Kathrin Plath, PhD Professor, Biological Chemistry
We all start out at as a single cell that gives rise to pluripotent cells that, given the right environment and the right cues, develop into all the different cell types in the human body. Dr. Kathrin Plath’s research has advanced our knowledge about this process, and her contributions inform our understanding of human development and how stem cell technologies can be applied in regenerative medicine. Dr. Plath steps into the U Magazine Spotlight.
When did you begin to think about science?
In school, I was always good at math and sciences — chemistry and physics more so than biology. My mother is a chemist, so that might also have had something to do with it.

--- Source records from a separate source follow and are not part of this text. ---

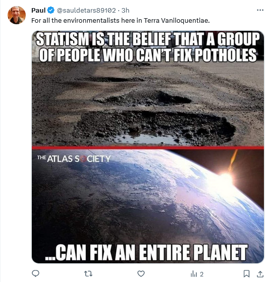 If your local highway department is not fixing potholes, you ask why they aren’t. There isn’t an alternative to your local highway department. (I haven’t lived in a place where potholes were a problem since 1981, btw. There is a problem with the design of the road where I live, but that’s not an issue with road crews themselves). The problem with the global warming discourse is not that it expects government employees to do something, but that it shows telltale signs of being another set of excuses for officious people to harass others. The chaps who pick up your trash are not officious people.
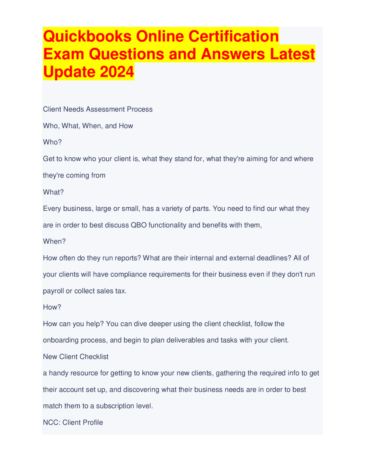 QuickBooks Online Certification Test Study Guide Exam With Solved
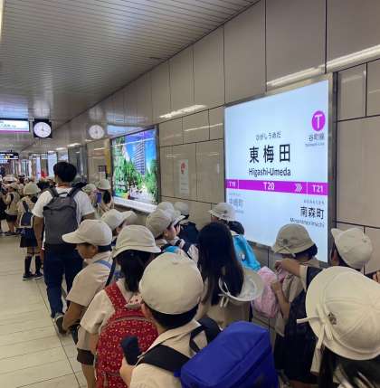 天候が怪しかったので、各教室でお弁当を食べてから出発しました。東梅田まで歩きでがんばりました!間もなく、NHKホールです。
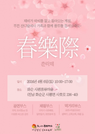 화순 사평풍류마을은 다음달 6일 오전 10시부터 오후 5시까지 화순군 사평면 사호로 236-40 일원에서 마을 봄축제인 ‘삼짇날 풍류즐기기-춘락제’를 진행한다고 밝혔다.

What was your first experiment?
My mother brought home some salts that I could use to grow crystals — blue crystals, green crystals. It wasn’t that exciting, really, but I enjoyed it. In school in East Germany, science was taught very differently than it is here, not very hands-on. Now, I get to teach elementary school kids things like how to prep DNA. They find DNA very goopy; they like that. And I think they really do learn something. They realize that there is stuff inside of us that determines if we are going to be a tomato or a strawberry or a grasshopper or a person.

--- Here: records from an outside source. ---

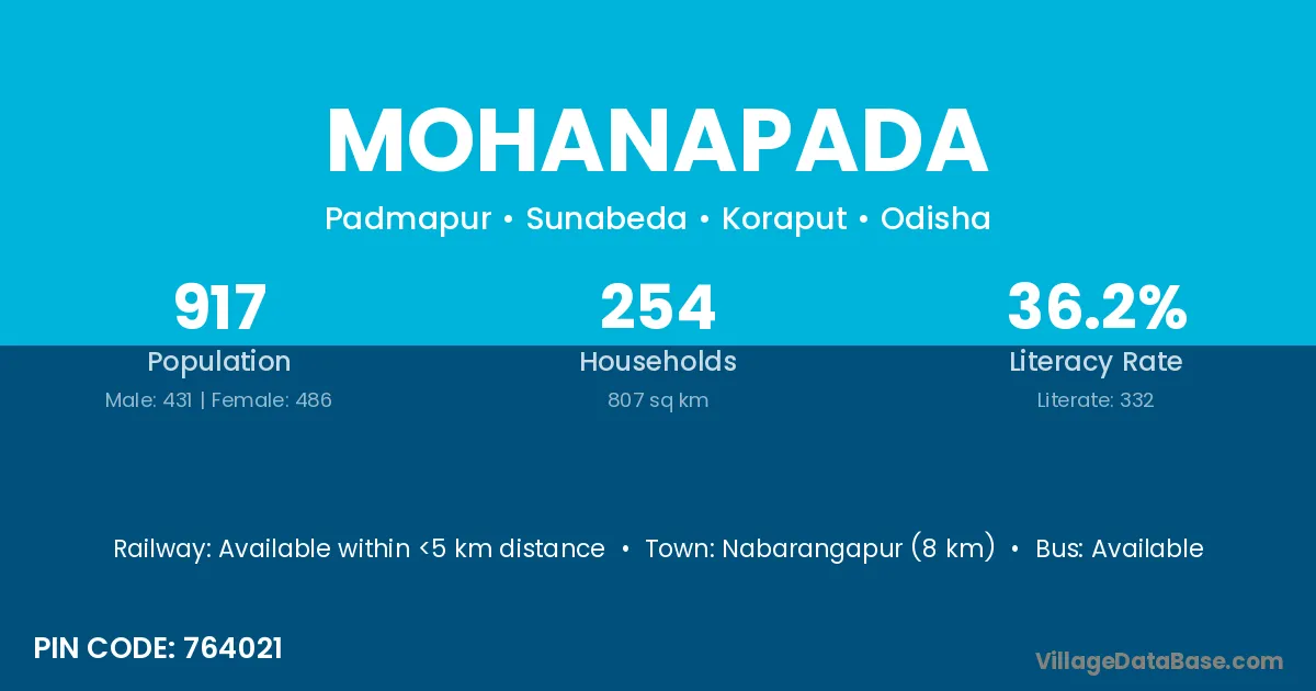 Nabarangapur (8 km) is the nearest town to Mohanapada village for major economic activities and is located approximately 8 km away.
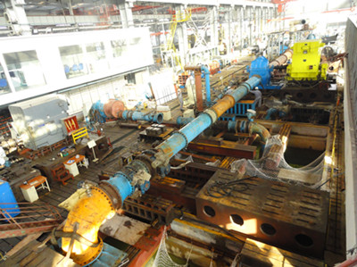 1000cm×900cm的大型臥式雙吸離心泵測(cè)試現(xiàn)場
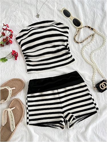Features: Rib knit, strapless, striped print, tube top, low rise, shorts set, two piece outfit for girls
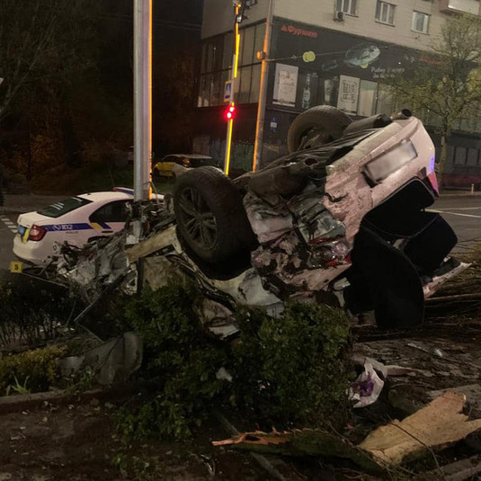 Водій, не впоравшись з керуванням, виїхав за межі проїзної частини, що спровокувало перекидання автомобіля на дах, з наїздом на дерево та опору світлофора.
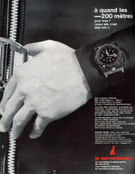 La Spirotechnique is a large and well-known French firm which makes scuba gear, scuba sets and other breathing apparati. Over the years they have commissioned a number of watch manufacturers to produce branded and co-branded dive watches to be sold alongside their scuba gear. The Trition Spirotechnique was designed by J.Parmentier and produced by Dodane in the early 1960’s. The first reference was 143.100 with three lines of script above the “6” marker and was followed by this example, the reference 155.100 with two lines above the “6”. It has a 37mm diameter case with the crown at the “12” position and the hinged crown protection forming part of the overall case design. This example houses an ETA Calibre 2782 automatic movement which is unsigned.
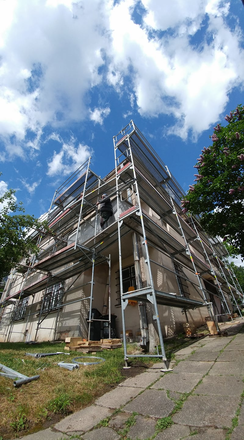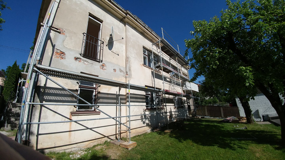 修繕工事は、古くなった屋根の撤去工事から着手しました。そして、9月に我々Tokon-Internationalが担当する外壁の塗り替え工事がよりスムーズに進められるために、カウナス市の監督のもとで、各種の下準備やその他の修繕も同時に進行しています。上記の画像は、足場内側の様子です。 情報元:Sugihara House・公式ホームページ:http://www.sugiharahouse.com/・フェイスブックページ:https://www.facebook.com/sugiharahouse/

Who are your science heroes?
I should answer Gregor Mendel or Marie Curie, but I don’t feel that way. My science heroes are probably my PhD advisor and my postdoc advisor because I have learned so much from them. Those guys are quite amazing and have taught me a lot.
Where are you happiest?
With my family and friends, being with people who I am close to and doing something together — going skiing or hiking or traveling together. We went to Hawaii, and I tried surfing for the first time! What do you consider to be your finest achievement? I don’t think of my science like that. I feel like every paper contributes to the bigger goal a little bit. We make little steps with every paper, and I hope in the long run that everything together will achieve something that is useful for the greater public. What do you appreciate most in your colleagues? Honesty. I don’t want to hear that I’m the greatest and the best. I want to hear constructive criticism. What is your greatest fault? Impatience. Sometimes I just can’t wait. And I’m a fast driver, too. I can’t deal with slow people driving in front of me.

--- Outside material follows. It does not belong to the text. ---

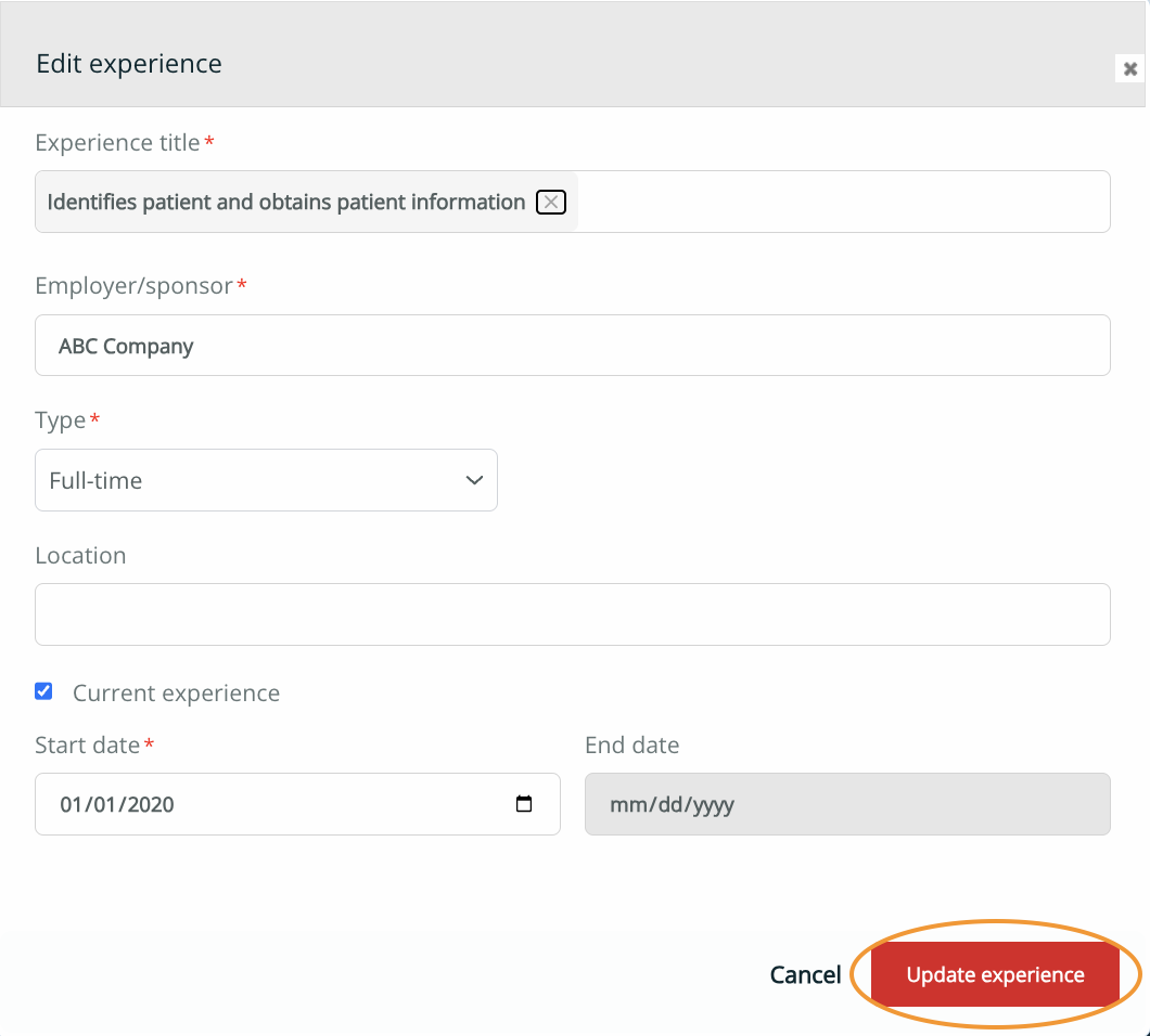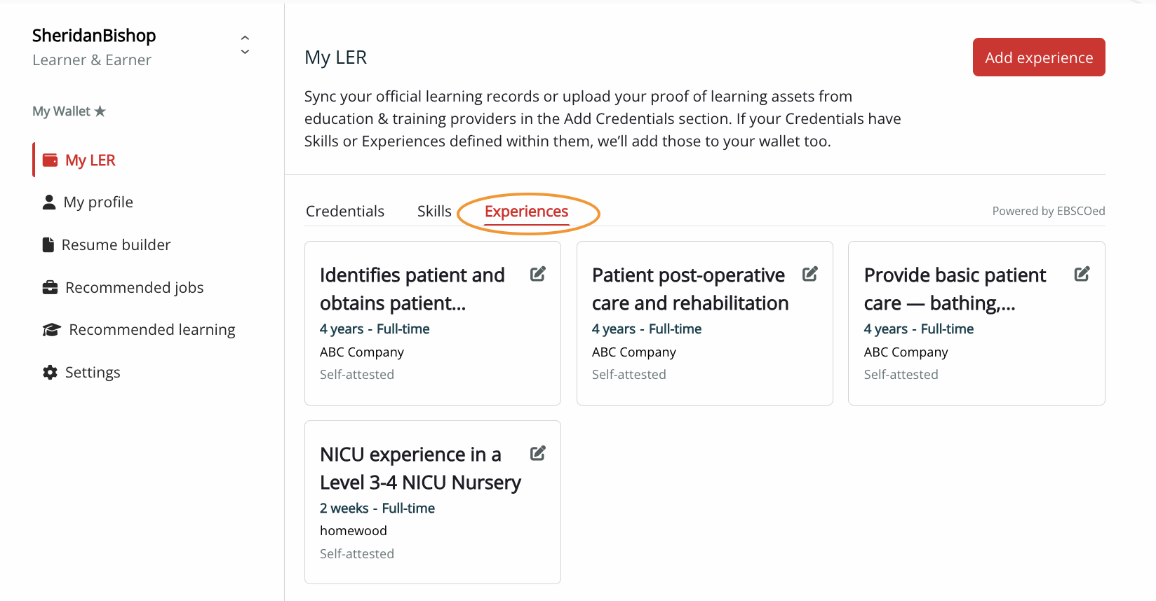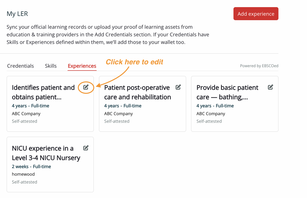 3. Find the experience you wish to edit and click on the icon at the top right corner.

What is your greatest virtue?
Tenacity. Fairness. I try to be fair to everyone. When do you not think about science? It’s always there a little bit. I guess when I am doing something with friends or family is the least likely time that I think about it. But usually it’s somewhere in the background.
If not a scientist, what would you be?
I wanted to become a mathematician when I got out of school. But my math teacher told me I wasn’t good enough. I guess I would be a surgeon.
What is your most treasured possession?
What I really value is my cappuccino in the morning, so it would be our espresso machine at home. If I don’t get it, I’m in a bad mood.
What keeps you up at night?
Writing grants and papers.
To which superhero do you most relate?
I actually never read superhero books, so I don’t know them. I guess I know of Batman and Superman, but I don’t know what they stand for.
Where does your inspiration come from?
I think from talking to colleagues or lab members or friends about science and about new ways of approaching our problems and what we could do differently or what are good questions.
What is your biggest ‘aha!’ moment?
I’m still waiting for it.
How do you want to change the world?
I don’t want to change the world in a big way. I think in little steps. If I can contribute by educating students and friends or by interacting with people, or if my science makes little achievements, that’s good enough for me.
What is your definition of happiness?
That I’ve done something as well as I can. That I’ve tried hard. That I did something productive.
What’s your idea of misery?
Cooking. I don’t like cooking — it stresses me out. Everyone says to me, “Well, you can do experiments in the lab, and cooking is just putting A and B and C together.” It’s not my cup of tea. I’m totally stressed when I have to cook.
What music do you listen to when you work?
I can’t listen to music when I work. It distracts me and gets my mind off what I’m doing. When I’m not at work, I like to listen to classical music.